GIVEN INFORMATION:
○ ○ ○ ○ ○ ○ ○

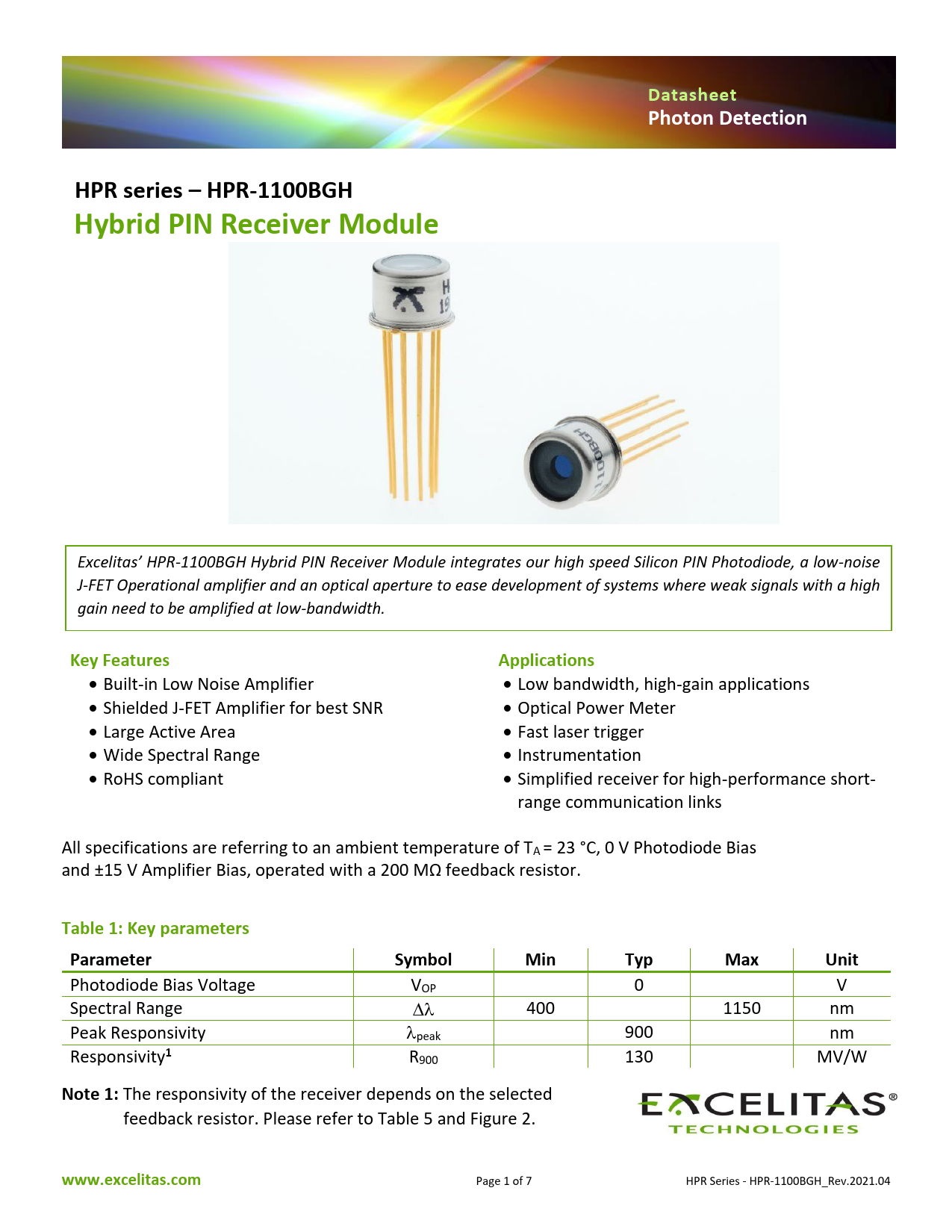 DatasheetDatasheetDatasheetPhoton DetectionPhoton DetectionPhoton DetectionHPR series – HPR-1100BGHHybrid PIN Receiver Module Excelitas’ HPR-1100BGH Hybrid PIN Receiver Module integra tes our high speed Silicon PIN Photodiode, a low-noise J-FET Operational amplifier and an optical aperture to ease development of systems where weak signals with a high gain need to be amplified at low-bandwidth. Key FeaturesApplications • Built-in Low Noise Amplifier • Low bandwidth, high-gain applications • Shielded J-FET Amplifier for best SNR • Optical Power Meter • Large Active Area • Fast laser trigger • Wide Spectral Range • Instrumentation • RoHS compliant • Simplified receiver for high-performance short- range communication links All specifications are referring to an ambient temperature of TA = 23 °C, 0 V Photodiode Bias and ±15 V Amplifier Bias, operated with a 200 MΩ feedback resistor. Table 1: Key parametersParameterSymbolMinTypMaxUnit Photodiode Bias Voltage VOP 0 V Spectral Range 400 1150 nm Peak Responsivity peak 900 nm Responsivity 1 R900 130 MV/W Note 1: The responsivity of the receiver depends on the selected feedback resistor. Please refer to Table 5 and Figure 2. www.excelitas.com Page 1 of 7 HPR Series - HPR-1100BGH_Rev.2021.04
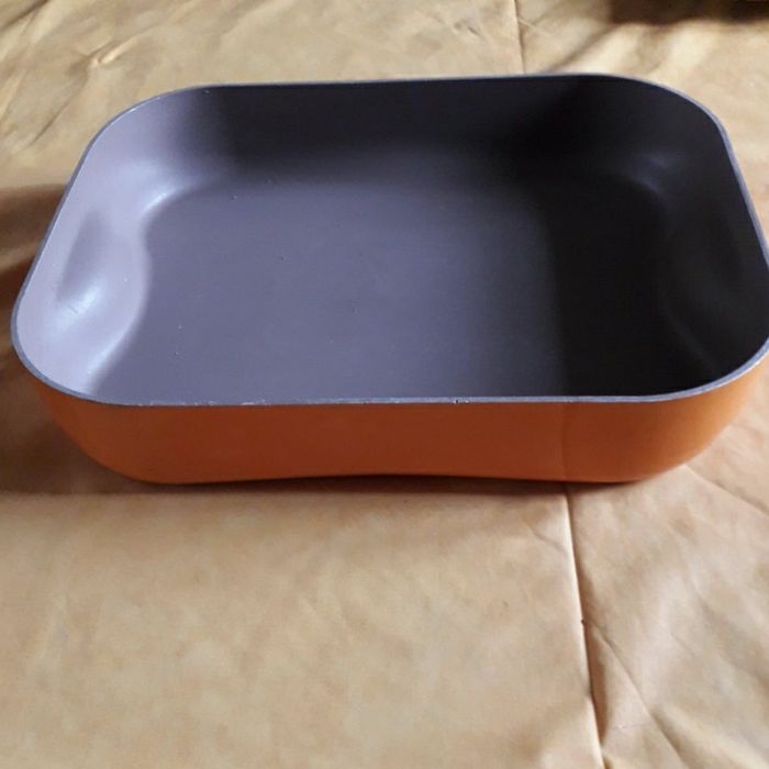 Plat rectangulaire creux vintage orange longueur 34 cm profondeur 5 cm fond antiadhésif reste en bon état général pour son âge 🙂
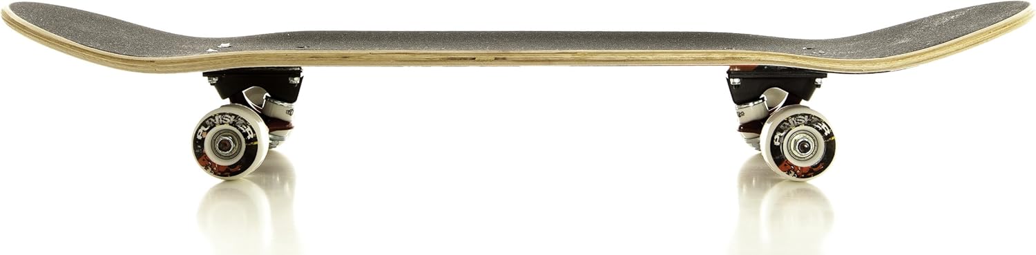 Tavola in acero canadese da 31" x 7,5" con doppio calcio concavo ABEC 5 cuscinetti, nuova lega leggera Segaull da 5". Ruote in PU avorio da 54 x 36 mm con grafica
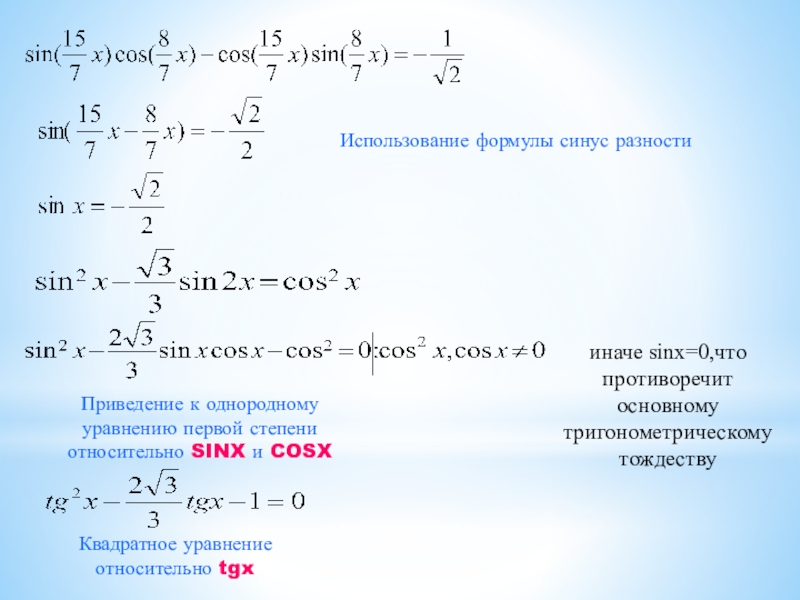 иначе sinx=0,что противоречит основному тригонометрическому тождеству

○ ○ ○ ○ ○ ○ ○

Would you please repeat all the data word for word, but without the pictures?

 DatasheetDatasheetDatasheetPhoton DetectionPhoton DetectionPhoton DetectionHPR series – HPR-1100BGHHybrid PIN Receiver Module Excelitas’ HPR-1100BGH Hybrid PIN Receiver Module integra tes our high speed Silicon PIN Photodiode, a low-noise J-FET Operational amplifier and an optical aperture to ease development of systems where weak signals with a high gain need to be amplified at low-bandwidth. Key FeaturesApplications • Built-in Low Noise Amplifier • Low bandwidth, high-gain applications • Shielded J-FET Amplifier for best SNR • Optical Power Meter • Large Active Area • Fast laser trigger • Wide Spectral Range • Instrumentation • RoHS compliant • Simplified receiver for high-performance short- range communication links All specifications are referring to an ambient temperature of TA = 23 °C, 0 V Photodiode Bias and ±15 V Amplifier Bias, operated with a 200 MΩ feedback resistor. Table 1: Key parametersParameterSymbolMinTypMaxUnit Photodiode Bias Voltage VOP 0 V Spectral Range 400 1150 nm Peak Responsivity peak 900 nm Responsivity 1 R900 130 MV/W Note 1: The responsivity of the receiver depends on the selected feedback resistor. Please refer to Table 5 and Figure 2. www.excelitas.com Page 1 of 7 HPR Series - HPR-1100BGH_Rev.2021.04
 Plat rectangulaire creux vintage orange longueur 34 cm profondeur 5 cm fond antiadhésif reste en bon état général pour son âge 🙂
 Tavola in acero canadese da 31" x 7,5" con doppio calcio concavo ABEC 5 cuscinetti, nuova lega leggera Segaull da 5". Ruote in PU avorio da 54 x 36 mm con grafica
 иначе sinx=0,что противоречит основному тригонометрическому тождеству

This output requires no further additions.